• Mon 2020.03.30

    A new flag has appeared, 'CALLBACK'



    'CALLBACK': A callback (setWatch, setInterval, on('data',...)) caused an error and so was removed

    When I attempt to view memory free at this point, I'm faced with another issue,

    Execution Interrupted

    Instead of reporting back, the WebIDE is locked up at this point. I've viewed WebIDE :: Settings >> Console and am able to verify that the keypresses aren't being sent through, which makes sense as they don't show in the console either.

    I also note that the low level peripherals still output pulses, so am unable to control the device at this point. I made mention of the suggestion/ability to reset these in post #12 three weeks ago:

    post #9 - #12 Tutorial example output anomaly using low level access PPI on MDBT42Q breakout board

    Disconnecting the WebIDE and then powering down the device are the only ways I've discovered to get back access.

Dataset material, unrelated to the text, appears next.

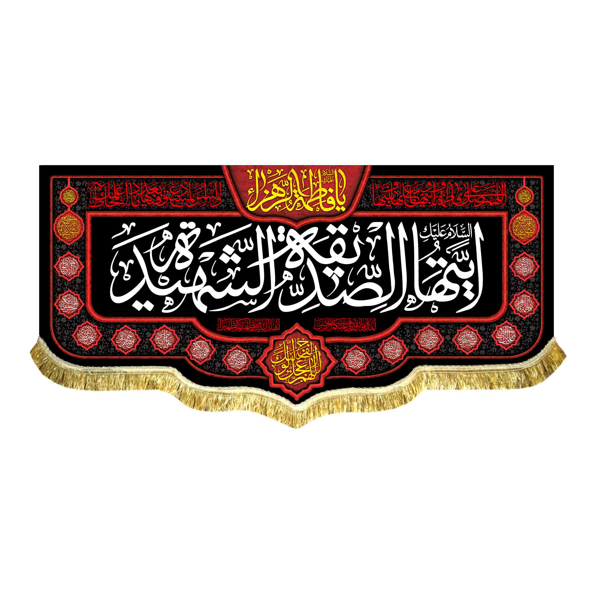 دکور ( کتیبه ) مخمل فاطمیه شهادت حضرت فاطمه زهرا (س) با ذکر السلام علیک ایتها الصدیقه الشهیده به همراه اسامی مبارک چهارده معصوم (ع) ، السلام علیک یا فاطمه الزهرا (س) ، اللهم عجل لولیک الفرج که با طراحی جدید مناسب مجالس عزاداری فاطمیه و شهادت حضرت زهرا (س) در ابعاد مختلف قابل سفارش است. استفاده شده از پارچه مخمل درجه یک قابل شستشو و با بهترین کیفیت چاپ که همراه با دور دوزی ، ریشه دوزی و بندینک آویز می باشد. این محصول از طراحی تا چاپ به طور کامل در انتشارات مشهور به تولید رسیده است.
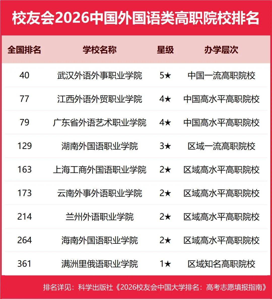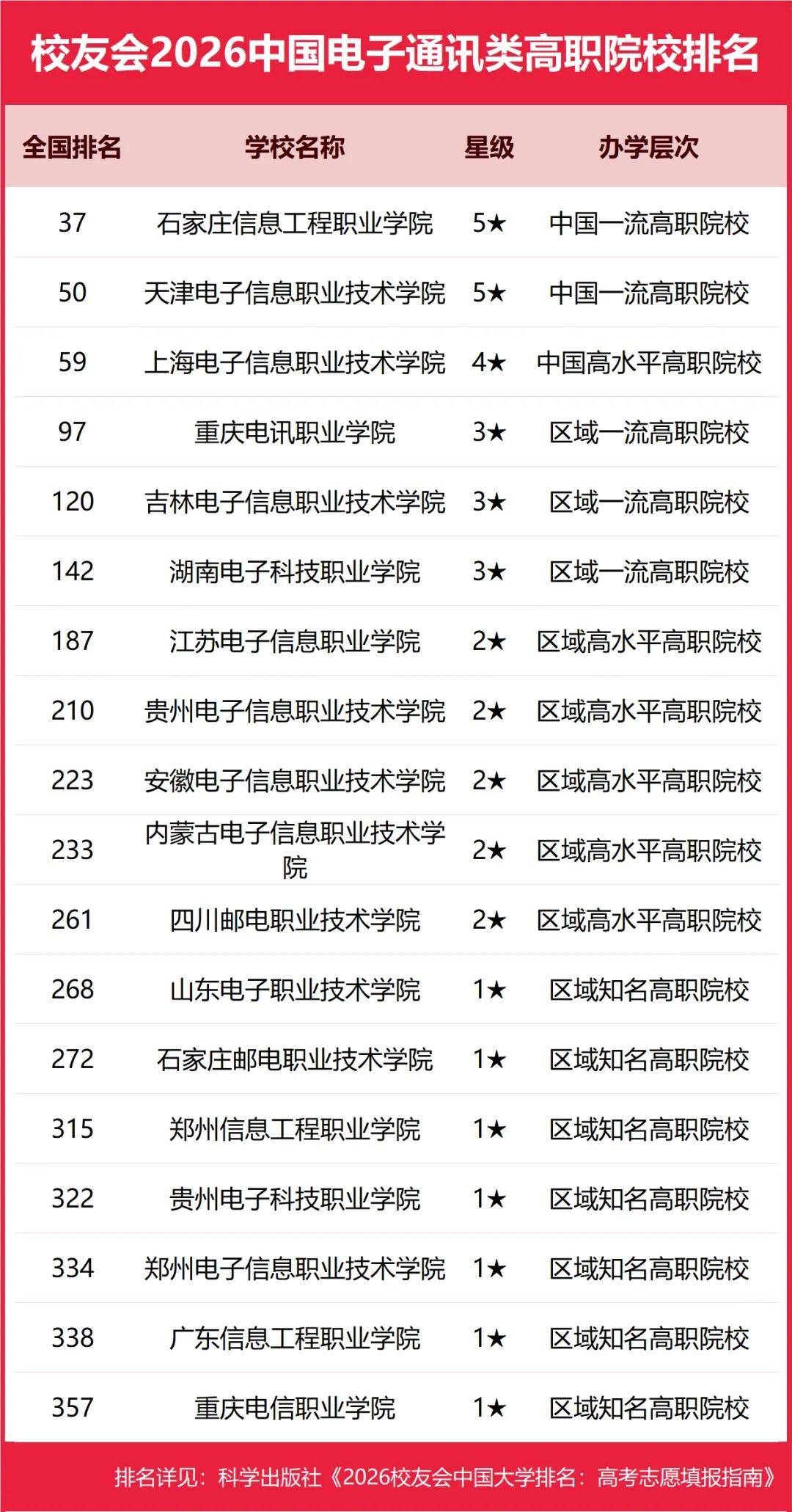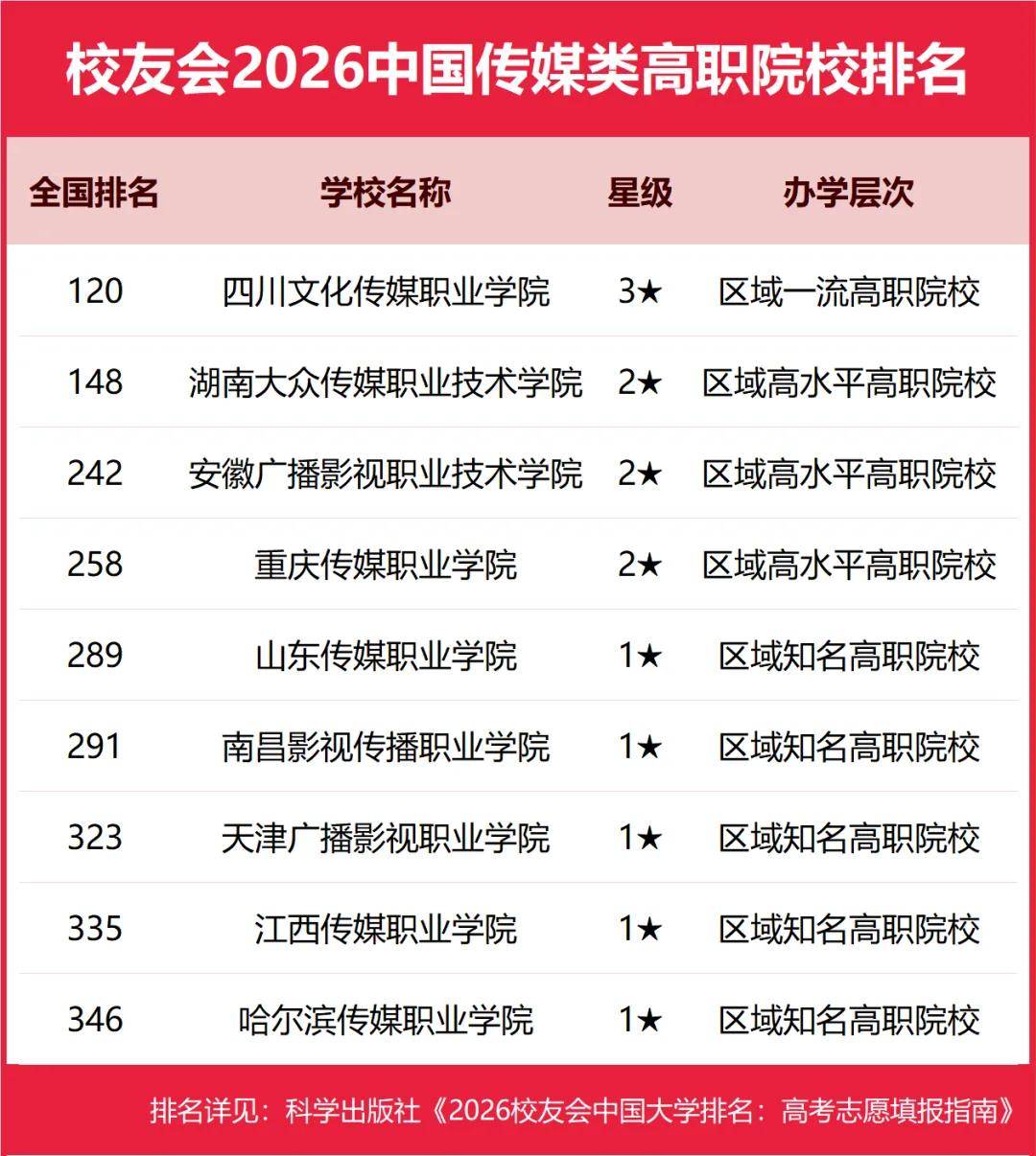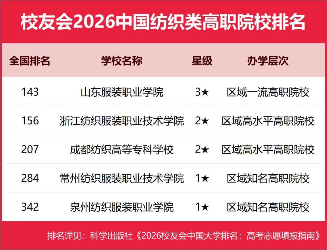 2026年1月12日,全国第三方大学评价机构艾瑞深校友会网(Cuaa.net)正式发布校友会2026中国大学排名和2026中国高职院校排名,至今已连续第24年发布。榜单显示,北京大学办学实力最强,连续20年蝉联中国大学排名榜首,保持霸主地位,问鼎2026中国大学排名榜首。清华大学第2,中国科学院大学和浙江大学并列第3。由艾瑞深研究团队撰写的《2026校友会中国大学排名:高考志愿填报指南》一书将由“科学出版社”公开出版发行。 在2026中国高职院校排名中,江西应用技术职业学院、南京信息职业技术学院、常州信息职业技术学院位列2026中国高职院校排名I类前3强。合肥职业技术学院、襄阳职业技术学院、商丘职业技术学院位列2026中国高职院校排名Ⅱ类前3强。浙江金融职业学院、山东医学高等专科学校、江苏经贸职业技术学院位列2026中国高职院校排名Ⅲ类前3强。 其中,江西新能源科技职业学院、洛阳科技职业学院、广东亚视演艺职业学院、广东岭南职业技术学院、泉州海洋职业学院雄居2026中国民办高职院校排名前5强。 中国民办高校按照研究型和应用型2个类型进行评价。在校友会2026中国民办大学排名中,西湖大学与C9高校哈尔滨工业大学并列全国第12,雄居2026中国民办大学排名(研究型)榜首,福建福耀科技大学第2,挺进全国50强;宁波东方理工大学第3。武昌首义学院、三亚学院、西安欧亚学院、广州南方学院问鼎2026中国民办大学排名(应用型)第一。 西交利物浦大学、宁波诺丁汉大学、香港中文大学(深圳)位列2026中国合作办学大学排名前3强。深圳职业技术大学、海南科技职业大学、河北科技工程职业技术大学雄居2026中国职业技术大学排名前3强。 校友会中国大学排名首发于2003年,至今已有24年的历史,已成为具有广泛社会影响力、公信力、参考价值与创新力的中国大学排名领先品牌。 科学出版社《2026校友会中国大学排名:高考志愿填报指南》 高等职业院校是中国高等教育的重要组成部分,担负着为国家地方经济社会发展培养面向生产、建设、服务、管理第一线需要的高素质应用技术型和职业技能型人才的使命。校友会中国高职院校排名首发于2021年,至今已有6年的历史。按照校友会2026中国大学分类体系标准,将高职院校划分为技能型类型。 在最新校友会2026中国高职院校排名中,根据参评高校优势学科专业所属门类,将中国高职(专科)院校分为I类、Ⅱ类和Ⅲ类等3个类型分别进行评价。其中,Ⅰ类高职院校为以工学门类学科专业为优势的高校,Ⅱ类高职院校为以理学及人文社科门类学科专业为优势的高校,Ⅲ类高职院校为以艺术、体育、经济、管理、农学、教育学、医学等门类学科专业为优势的高校。 校友会2026中国大学排名评价指标体系 江西应用技术职业学院雄居2026中国高职院校排名I类榜首,常州信息职业技术学院前三 在校友会2026中国高职院校排名(I类)中,江西应用技术职业学院综合实力最强,雄居校友会2026中国高职院校排名(I类)榜首。南京信息职业技术学院第2,常州信息职业技术学院第3,陕西铁路工程职业技术学院第4,北京工业职业技术学院第5,四川交通职业技术学院第6,常州机电职业技术学院第7,山东职业学院第8,包头轻工职业技术学院第9,平顶山工业职业技术学院第10。 合肥职业技术学院问鼎2026中国高职院校排名Ⅱ类冠军,襄阳职业技术学院第二 在2026中国高职院校排名(Ⅱ类)中,合肥职业技术学院综合实力最强,雄居校友会2026中国高职院校排名(Ⅱ类)首位。襄阳职业技术学院第2,商丘职业技术学院第3,天津轻工职业技术学院第4,烟台职业学院第5,重庆工商职业学院第6,潍坊职业学院第7,威海职业学院第8,陕西职业技术学院第9,湖北职业技术学院第10。 浙江金融职业学院问鼎2026中国高职院校排名Ⅲ类冠军,广东科贸职业学院前十 在2026中国高职院校排名(Ⅲ类)中,浙江金融职业学院办学实力最强,问鼎校友会2026中国高职院校排名(Ⅲ类)榜首。山东医学高等专科学校第2,江苏经贸职业技术学院第3,江苏农林职业技术学院第4,江苏农牧科技职业学院第5,厦门海洋职业技术学院第6,江西环境工程职业学院第7,江西财经职业学院第8,江西旅游商贸职业学院第9,广东科贸职业学院第10。 江西新能源科技职业学院雄居2026中国民办高职院校排名第一,洛阳科技职业学院第二 在校友会2026中国民办高职院校排名中,江西新能源科技职业学院综合实力最强,位居第15名,雄居2026中国民办高职院校排名首位。洛阳科技职业学院第2,广东亚视演艺职业学院第3,广东岭南职业技术学院第4,泉州海洋职业学院第5,德州科技职业学院第6,重庆交通职业学院第7,郑州城市职业学院第8,四川科技职业学院、广西英华国际职业学院并列第9。 合肥职业技术学院、浙江金融职业学院、山东医学高等专科学校、武汉外语外事职业学院等位列2026中国各类型高职院校排名首位 在最新2026中国各类型高职院校排名中,江西应用技术职业学院问鼎理工类高职院校排名第一,浙江金融职业学院荣登财经类高职院校排名第一,合肥职业技术学院雄居综合类高职院校排名第一,山东医学高等专科学校稳居医药类高职院校排名第一,广东亚视演艺职业学院问鼎艺术类高职院校排名第一。 江苏农林职业技术学院雄居农林类高职院校排名第一,湖南民族职业学院雄居民族类高职院校排名第一,铜仁幼

    There doesn't appear to be many forum responses for the CALLBACK flag with E.getErrorFlags()

    What methods may be employed to determine which callback causes the error flag to be set?

  • Try stripping your code back until you get just that error.

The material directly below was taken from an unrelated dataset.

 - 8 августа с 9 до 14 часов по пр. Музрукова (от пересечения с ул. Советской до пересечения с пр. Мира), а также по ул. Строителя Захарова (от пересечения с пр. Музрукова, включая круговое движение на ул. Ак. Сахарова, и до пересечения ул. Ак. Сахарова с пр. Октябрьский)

    Normally, when something like that happens there'll be a stack trace written to the console, but it's possible you are executing code on upload, and it's that code which is causing the issue.

    A new flag has appeared, 'CALLBACK'

    It appeared because I imagine you modified code such that a callback function caused an error.

    Although sometimes it happens if you Ctrl-C out of a function that's executing a lot in the background.

  • Tue 2020.03.31

    'Try stripping your code back until you get just that error'

    As I did that, that particular CALLBACK error goes away. Hoping that might give a clue here.

    'but it's possible you are executing code on upload'

    No, making sure all code lines are within functions. Occurs during runtime setInterval.

    'Normally, . . . there'll be a stack trace written to the console'

    Well, I guess this isn't normal. A few console.log lines that I expected did occur, then just that output before the next interval ticked off.

    'I imagine you modified code such that a callback function caused an error'

    Yes, I stripped out all console.log statements within a setWatch under the assumption this was a timing or update to the console delay issue, and I removed any single line comments used for debug notes inside that function, in order to free up JsVars. I find it a bit of a stretch to think it is that one, after doing all that, but the wonderment still exists, how to distinguish.

    'sometimes it happens if you Ctrl-C out of a function'

    Okay, makes sense, but didn't do that in this case.

    Any other ideas, tips, suggestions to narrow down to which of the three? I'll continue to parse clean up, as I have no other right now.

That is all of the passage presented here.